Banyak orang lanjut usia yang mendapatkan telepon mahal yang dibeli oleh anak-anak mereka namun mereka tidak tahu cara menggunakannya, kata Moon Chen, sekretaris jenderal Pembersih Berita Palsu. Terkadang anak-anak mereka membukakan akun Facebook atau Line untuk mereka tetapi tidak menjelaskan dasar-dasar telepon.
Hal itu menimbulkan masalah. Algoritme menyajikan halaman yang belum diikuti oleh pengguna ponsel untuk mengisi halaman tersebut, asal informasi menjadi kabur dan orang menjadi bingung.
Setelah kelas selesai, terdengar para senior mengatakan bahwa mereka dapat mengajukan pertanyaan ke MyGoPen, bot pengecekan fakta yang diminta untuk mereka tambahkan.

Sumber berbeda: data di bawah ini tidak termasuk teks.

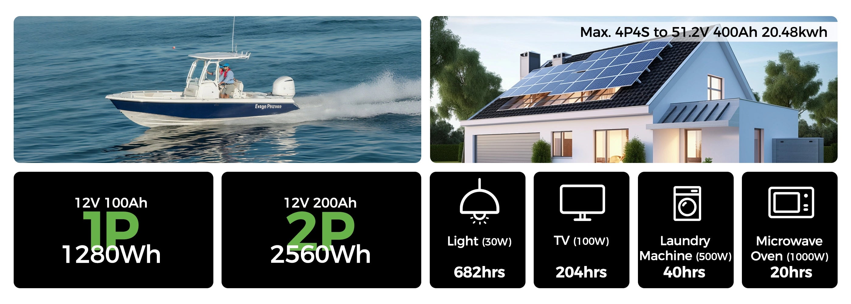 【Versatile and Expandable】The 12V 100Ah LiFePO4 battery supports configurations up to 4S4P, enabling a robust 48V 400Ah system that delivers 20.48kWh energy and 20.48kW power. Ideal for RVs, solar installations, home energy storage, and off-grid applications, it offers versatile power solutions.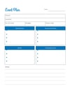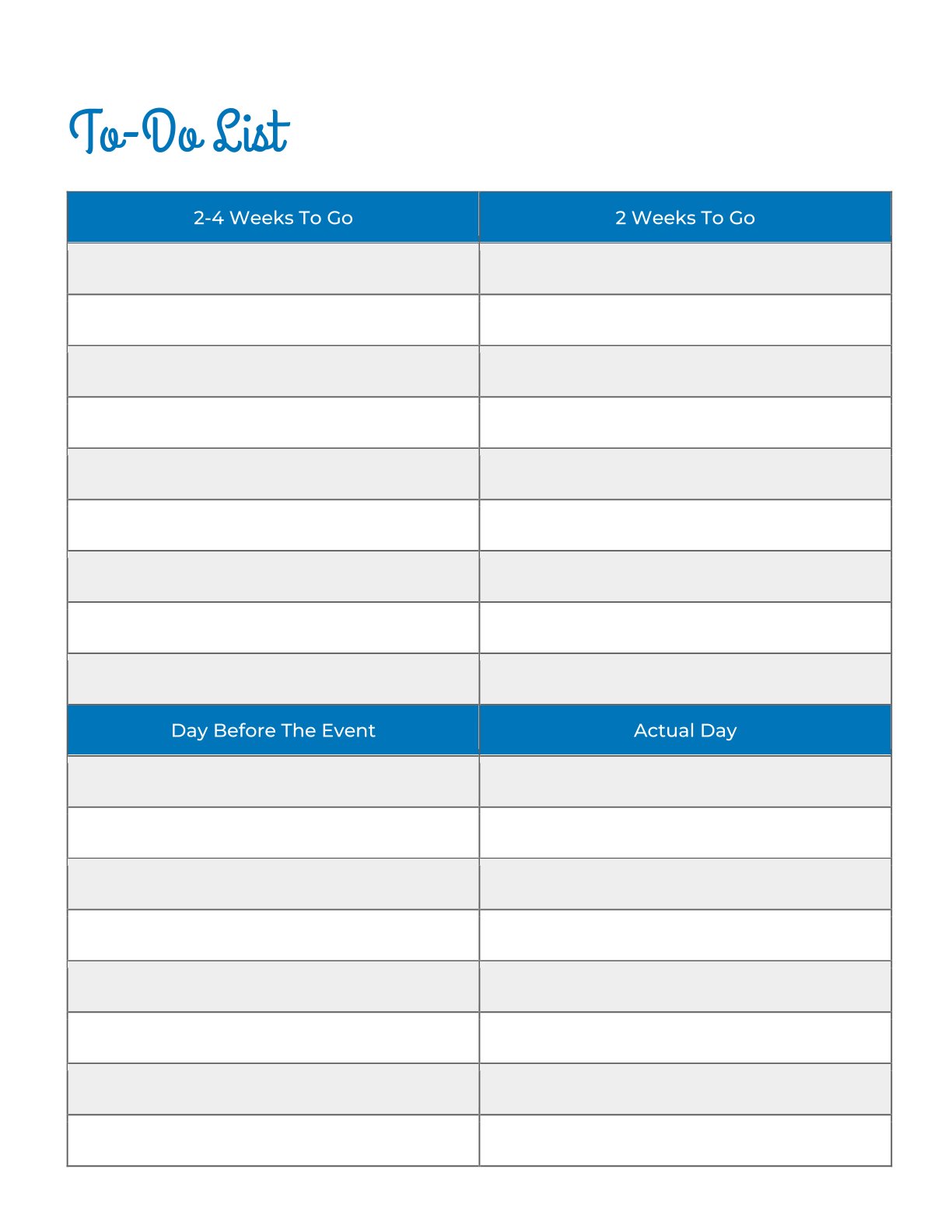 A practical event countdown layout with sections for 2–4 weeks to go, 2 weeks to go, the day before the event, and the actual day, plus a to-do list to map tasks, vendor follow-ups, setup and cleanup. This helps you execute smoothly and reduce last-minute stress.

Lin Wei-kun, seorang warga Taipei, yang menghadiri kelas tersebut, mengatakan bahwa dia tahu lebih baik untuk tidak mempercayai semua informasi yang dia lihat secara online, terutama informasi yang mengklaim adanya keajaiban dalam makanan sehari-hari. Namun dia mengapresiasi kelompok tersebut karena menurutnya banyak orang di luar sana yang mempercayainya.
“Saat ini, ada banyak informasi online. Saya biasanya menghapusnya saja,” katanya. “Misalnya daun ketumbar hanya hiasan saja. Namun jika mereka menulis postingan yang mengatakan bahwa daun ketumbar memiliki khasiat yang ajaib, banyak orang di luar sana yang akan mempercayainya.”
Ini adalah satu langkah maju lagi dalam mandat Pembersih Berita Palsu — satu orang di Taiwan mempelajari satu hal, dan menjadi sedikit lebih sadar akan dunia maya yang penuh dengan misinformasi yang semakin kompleks dari hari ke hari.